Return exactly the lines of the data below, from the one that contains "Aunque algunos medios" through the final line, and leave out every picture.
┏━━
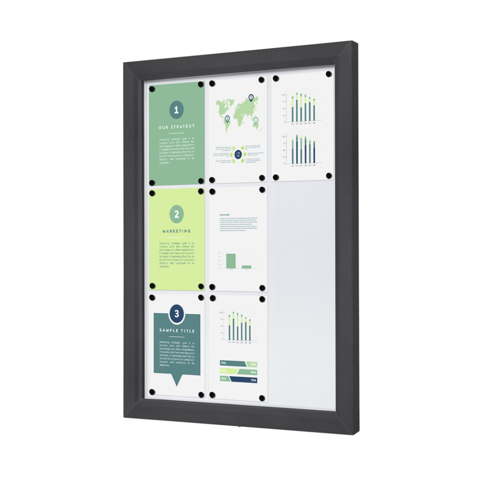 Ideaal voor het weergeven van mededelingen, flyers en posters in buitenomgevingen zoals schoolterreinen, parkeerplaatsen of winkelingangen. Het elegante design past perfect bij verschillende professionele settings.
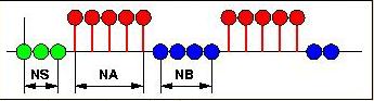 The algorithm used by this protocol computes the correlation between the temporal variations in time course data and a reference pattern that represents the periodic activation during the acquisition. The reference pattern can be different from exam to exam. The pattern consists of the alternation of a series of NA images corresponding to an active state (illustrated by red bullets in the panel), and NB images corresponding to an inactive state (illustrated by blue bullets). The beginning of the pattern may contain a number NS of images to skip (illustrated by green bullets).
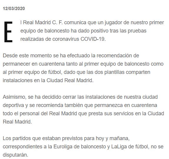 Aunque algunos medios como La Sexta, a través de su periodista José Luis Sánchez, habían venido avisando de la noticia, ha sido el propio club quien, a través de un comunicado oficial ha confirmado la existencia del primer caso de Coronavirus en el Real Madrid, en concreto en su sección de baloncesto.
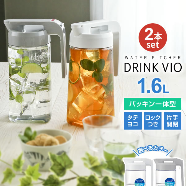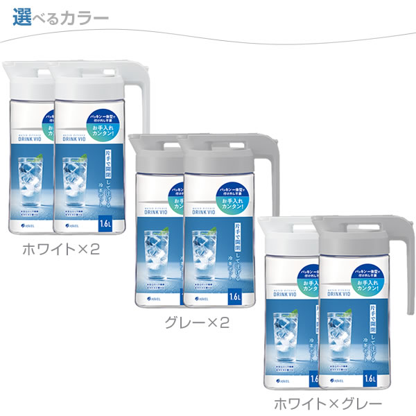 麦茶ポット ドリンク・ビオ S1600WL 1.6L カラーが選べる2本セット ホワイト/グレー | 横置き 洗いやすい 冷水筒 麦茶入れ ピッチャー ジャグ 広口 水差し タテヨコ置ける 約2L
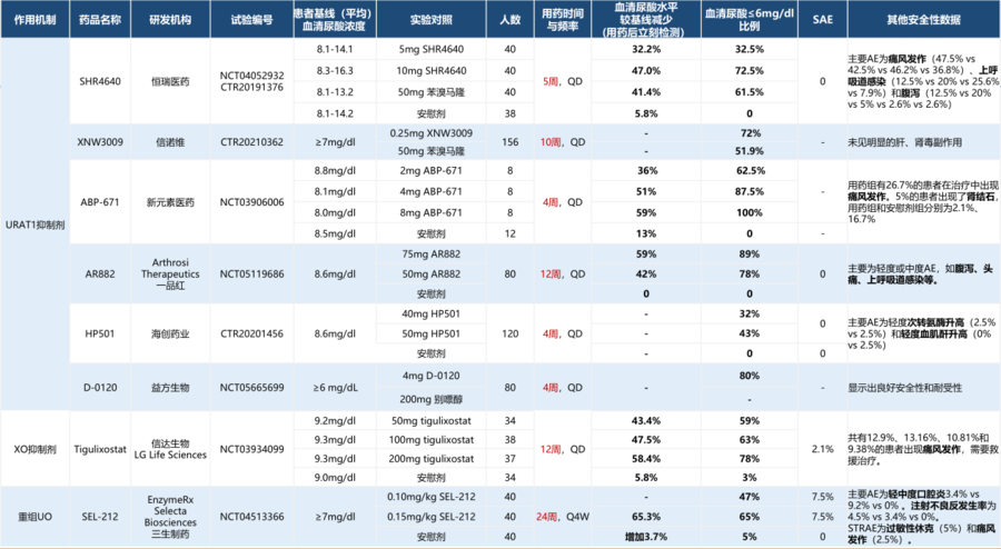数据来源:clinical trails,医药魔方,东吴证券研究所,注:血尿酸浓度单位换算 1 mg/dl=59.4 μm/L
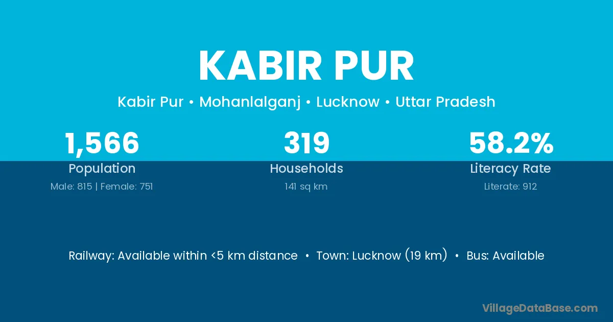 Lucknow (19 km) is the nearest town to Kabir Pur village for major economic activities and is located approximately 19 km away.
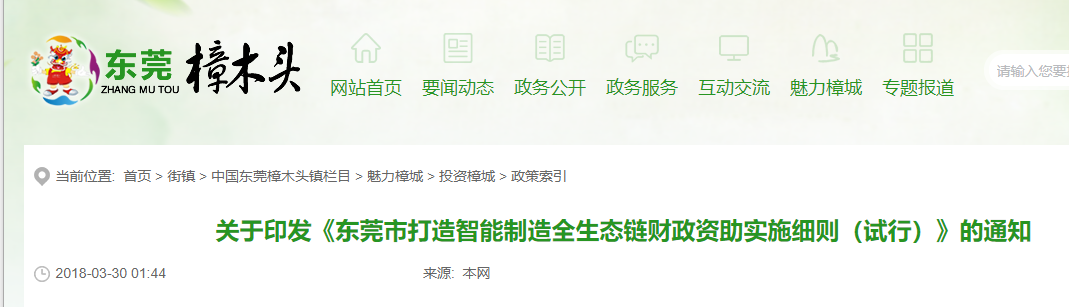 《東莞市打造智能制造全生態(tài)鏈財(cái)政資助實(shí)施細(xì)則(試行)》正式印發(fā)。對(duì)購買先進(jìn)設(shè)備自動(dòng)化改造的企業(yè),資助標(biāo)準(zhǔn)提高至設(shè)備投入額的25%到50%以上,單個(gè)項(xiàng)目最高資助500萬元。
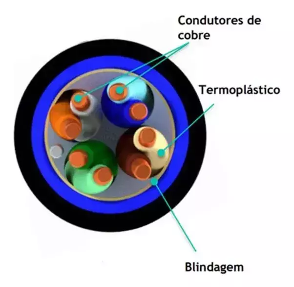 Tipo de cabo F/UTP (blindagem aluminizada com condutor dreno)
┗━━
— RESPONSE TO THE TASK —
 Aunque algunos medios como La Sexta, a través de su periodista José Luis Sánchez, habían venido avisando de la noticia, ha sido el propio club quien, a través de un comunicado oficial ha confirmado la existencia del primer caso de Coronavirus en el Real Madrid, en concreto en su sección de baloncesto.
 麦茶ポット ドリンク・ビオ S1600WL 1.6L カラーが選べる2本セット ホワイト/グレー | 横置き 洗いやすい 冷水筒 麦茶入れ ピッチャー ジャグ 広口 水差し タテヨコ置ける 約2L
数据来源:clinical trails,医药魔方,东吴证券研究所,注:血尿酸浓度单位换算 1 mg/dl=59.4 μm/L
 Lucknow (19 km) is the nearest town to Kabir Pur village for major economic activities and is located approximately 19 km away.
 《東莞市打造智能制造全生態(tài)鏈財(cái)政資助實(shí)施細(xì)則(試行)》正式印發(fā)。對(duì)購買先進(jìn)設(shè)備自動(dòng)化改造的企業(yè),資助標(biāo)準(zhǔn)提高至設(shè)備投入額的25%到50%以上,單個(gè)項(xiàng)目最高資助500萬元。
 Tipo de cabo F/UTP (blindagem aluminizada com condutor dreno)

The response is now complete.